Yes, Julien. I think for the first question as far as kind of why we're not repaying the full $100 million. Really the reason for that is that we only have $75 million to $76 million sitting in the collateral account at CoalCo today. And we -- the cash that's in that account is the only cash that we can use to pay down the term loan. We can't use unrestricted cash to pay that down. We can't use the restricted cash that's still remaining over at GasCo to pay down the term loan debt. So we're basically limited to what we have in the CoalCo restricted account, and that's the $75 million today. I think to the extent that we're able to pull some more collateral back in at CoalCo and bring that balance back up, I think we would seriously look at paying down some more of the CoalCo term loan should that occur. So more to come on that. As far as timing of revisiting our liquidity program, to me I think that needs to be done in conjunction with a potential refinancing and maybe a larger type of exercise. To me, that -- given some of the prepayment penalties that we would incur in refinancing early, I think that's probably more likely a 2013 event. And frankly, given kind of where the markets are, where the prepayment penalties are, we would want to wait until we have high confidence that the right transaction can be done, and that it could can be done economically. So I don't know that something will be done in the near term, but it certainly is something that we're continuing to monitor and we'll execute at the right time.

Julien Dumoulin-Smith - UBS Investment Bank, Research Division

What's the right excess cash balance to think about, just to be blunt?

Robert C. Flexon

Well, I think -- I tend to think about it in terms of liquidity and whether that's in cash, whether it's in letter of credit capacity, revolver capacity or so forth. I think kind of where we are, I think, is a fairly good place. We have a little bit more liquidity maybe than we need. What I referenced in the slides here was we'd like to have a total, or we think we need, about $700 million to $800 million in total liquidity. We've deployed about $450 million already. So that would imply -- you'd probably want another at least $350 million in liquidity. We have a little bit more than that today. But again, I think, we want to have a margin of error here. So I'm fairly comfortable with where we are right now.

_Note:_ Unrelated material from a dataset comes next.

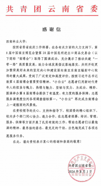 近日,kaiyun体育网页登录入口收到共青团云南省委发来的感谢信,感谢学校圆满完成第8届中国—南亚博览会暨第28届中国昆明进出口商品交易会的志愿服务工作。
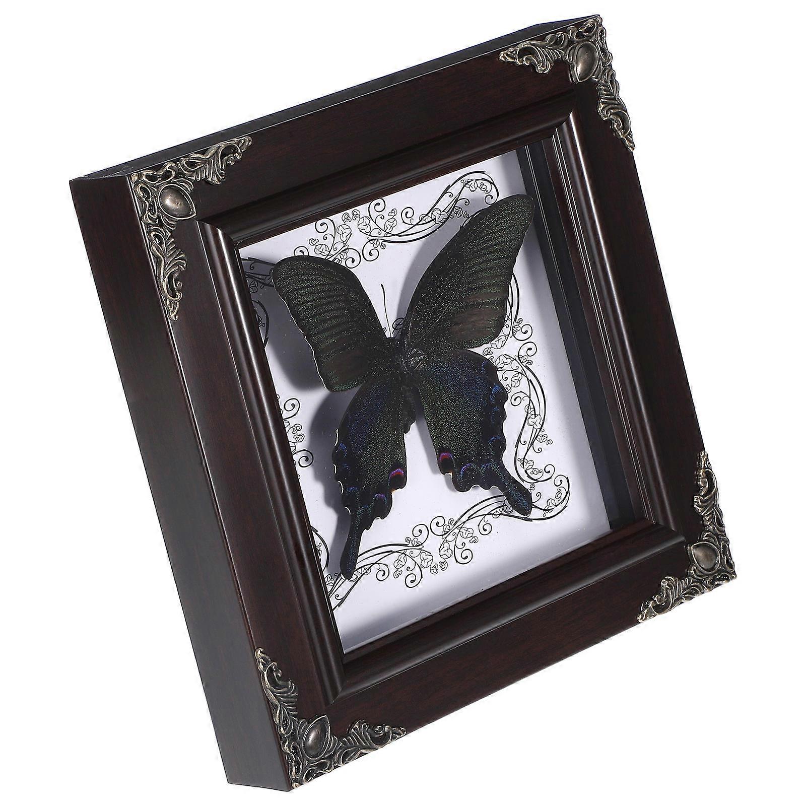 Butterfly Specimen Frame Vintage Style Home Decoration Black Plastic 1Pcs

Julien Dumoulin-Smith - UBS Investment Bank, Research Division

And sorry, just a real quick last question. We've talked a lot about MISO retirements. Just to follow up on that thesis here, when you look at your own portfolio, how do you think about the timing here? Obviously, we've seen, for example, the NI hubs units haven't come out in 2015, at least per the capacity auction necessarily. What's going to drive or trigger these events ultimately, as you see it? I mean, perhaps as you think about your own portfolio here, I mean, is there a triggering event where it's just we're going to take units the out because they're just not worth the pain?

Robert C. Flexon

Well, I think it's 2 things. If the smaller plants, like -- we retired Vermillion. So to the extent you've got plants that are subscale that aren't scrubbed, I mean, even in this gas environment, they're absorbing some level of pain, and there's a point in time that as gas prices start dropping down again, that pain could be sufficient to take them out of the market, just like Dominion did with the nuclear unit just with the announcement last week. So I think the low gas prices will continue to inflict some pain that can cause some of that. Other than that, I think it's the triggering date that there's a compliance deadline. And again, if you're not in the process of installing those controls now, you're not going to make 2015. You're not going to do anything for 2015. So it's either the gas prices, low gas prices, that's going to cause retirements or the MATS deadline.

Operator

Our next request now is from Brian Chin, Citigroup.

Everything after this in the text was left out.